ASSIGNED TASK ▸
Could every line below be transcribed exactly, with the pictures dropped?

GIVEN MATERIAL ▸

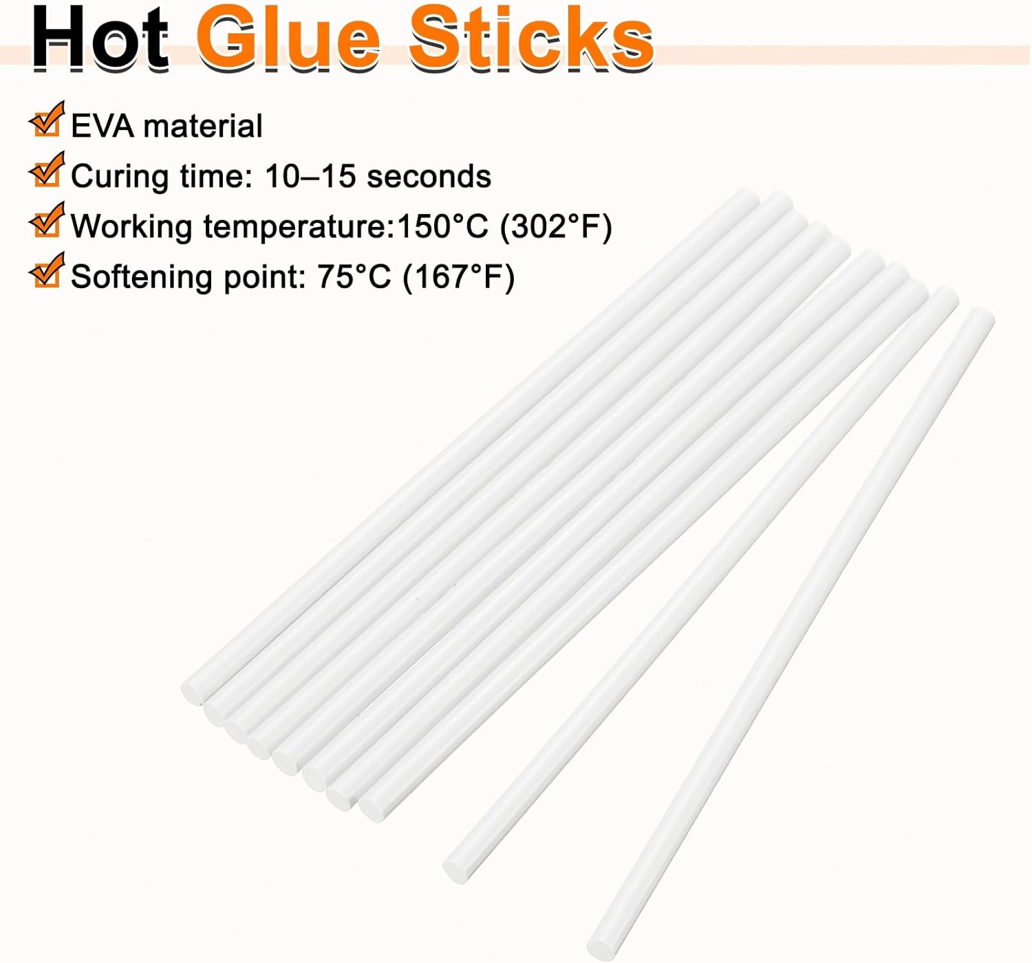 • Size - Hot glue sticks size: 7 x 200mm / 0.28 x 7.87 inch (D*L); Curing time: 10–15 seconds; Working temperature: 150°C (302°F); Softening point: 75°C (167°F).
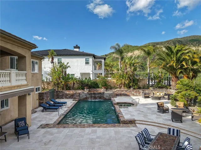 Outside, escape to your private resort-style yard featuring a sparkling pool and spa with cascading waterfalls, outdoor BBQ area and fireplace, and a large retractable awning for shaded comfort—all framed by dramatic mountain scenery. Additional highlights include fruit trees, RV/boat parking, an oversized 3-car garage with extensive storage and custom cabinetry, whole-home generator, and solar panels. Close to great schools including Granada Hills Charter High School, and convenient to The Vineyards and more.
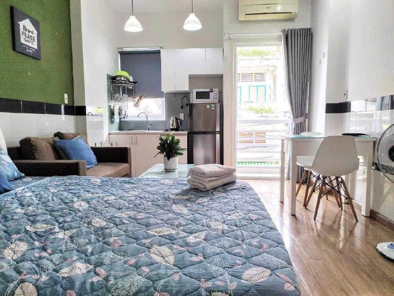 Студия с балконом, вся необходимая мебель, холодильник, плита, кондиционер, телевизор, интернет, стиралка. Уборка, смена белья. Рядом 5 район, магазины, кафе. Аренда: 9.000.000 vnd в мес. Депозит 1 месяц. Договор 6 месяцев. Электричество: 4.000 vnd/кВтч. Вода: 150.000 vnd с чел.

ANSWER BOX ▸
 • Size - Hot glue sticks size: 7 x 200mm / 0.28 x 7.87 inch (D*L); Curing time: 10–15 seconds; Working temperature: 150°C (302°F); Softening point: 75°C (167°F).
 Outside, escape to your private resort-style yard featuring a sparkling pool and spa with cascading waterfalls, outdoor BBQ area and fireplace, and a large retractable awning for shaded comfort—all framed by dramatic mountain scenery. Additional highlights include fruit trees, RV/boat parking, an oversized 3-car garage with extensive storage and custom cabinetry, whole-home generator, and solar panels. Close to great schools including Granada Hills Charter High School, and convenient to The Vineyards and more.
 Студия с балконом, вся необходимая мебель, холодильник, плита, кондиционер, телевизор, интернет, стиралка. Уборка, смена белья. Рядом 5 район, магазины, кафе. Аренда: 9.000.000 vnd в мес. Депозит 1 месяц. Договор 6 месяцев. Электричество: 4.000 vnd/кВтч. Вода: 150.000 vnd с чел.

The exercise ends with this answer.